* Provided data *
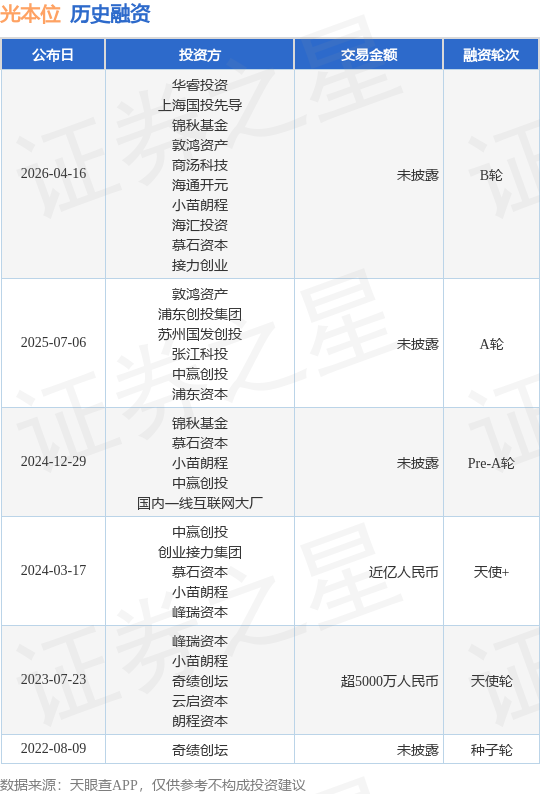 证券之星消息,根据天眼查APP于4月16日公布的信息整理,光本位智能科技(上海)有限公司B轮融资,融资额未披露,参与投资的机构包括华睿投资,上海国投先导,锦秋基金,敦鸿资产,商汤科技,海通开元,小苗朗程,海汇投资,慕石资本,接力创业。
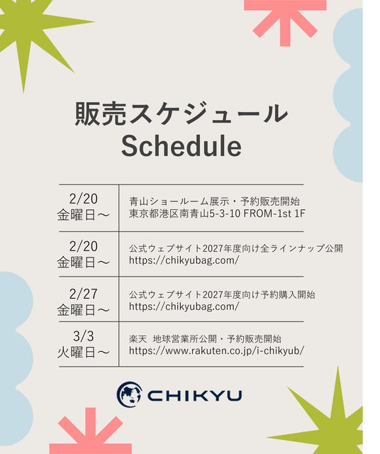 ランドセルの企画・販売を行うCHIKYU株式会社(東京都港区、代表取締役:辻谷安央)は、2月より順次2027年春ご入学のお子さま向け最新ランドセルを公開・予約販売を開始いたします。
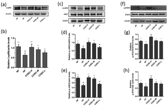 COSCs activated the JAK2-STAT3 signaling transduction of obese rats. Protein expression and quantification of LepRb (a,b); phosphorylation of JAK2 (p-JAK2, c–e) and phosphorylation of STAT3 (p-STAT3, f–h) in liver are shown here. The data are expressed as means ± SE (n = 10). Note: compared with rats in the HF group, * p < 0.05, ** p < 0.01; compared with rats in the NF group, # p < 0.05, ## p < 0.01.
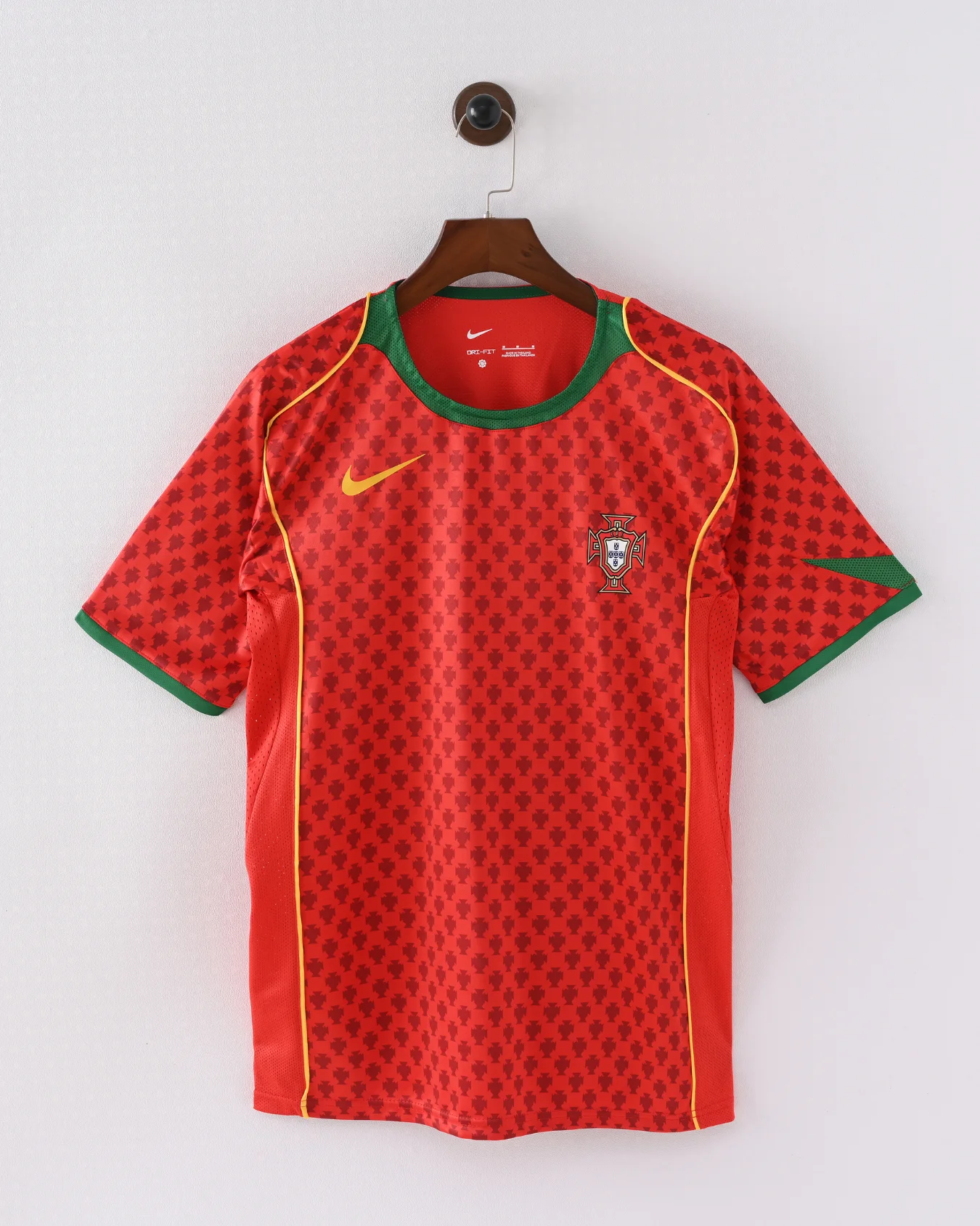 Draped in a deep crimson red with striking gold trim, this jersey is a masterpiece of early-2000s design—bold, elegant, and unmistakably Portuguese. The classic Nike template, combined with rich detailing and premium construction, makes this shirt a timeless celebration of both style and substance.

* To do *
Could you give the listing again exactly as it stands, minus any pictures?

* Task result *
 证券之星消息,根据天眼查APP于4月16日公布的信息整理,光本位智能科技(上海)有限公司B轮融资,融资额未披露,参与投资的机构包括华睿投资,上海国投先导,锦秋基金,敦鸿资产,商汤科技,海通开元,小苗朗程,海汇投资,慕石资本,接力创业。
 ランドセルの企画・販売を行うCHIKYU株式会社(東京都港区、代表取締役:辻谷安央)は、2月より順次2027年春ご入学のお子さま向け最新ランドセルを公開・予約販売を開始いたします。
 COSCs activated the JAK2-STAT3 signaling transduction of obese rats. Protein expression and quantification of LepRb (a,b); phosphorylation of JAK2 (p-JAK2, c–e) and phosphorylation of STAT3 (p-STAT3, f–h) in liver are shown here. The data are expressed as means ± SE (n = 10). Note: compared with rats in the HF group, * p < 0.05, ** p < 0.01; compared with rats in the NF group, # p < 0.05, ## p < 0.01.
 Draped in a deep crimson red with striking gold trim, this jersey is a masterpiece of early-2000s design—bold, elegant, and unmistakably Portuguese. The classic Nike template, combined with rich detailing and premium construction, makes this shirt a timeless celebration of both style and substance.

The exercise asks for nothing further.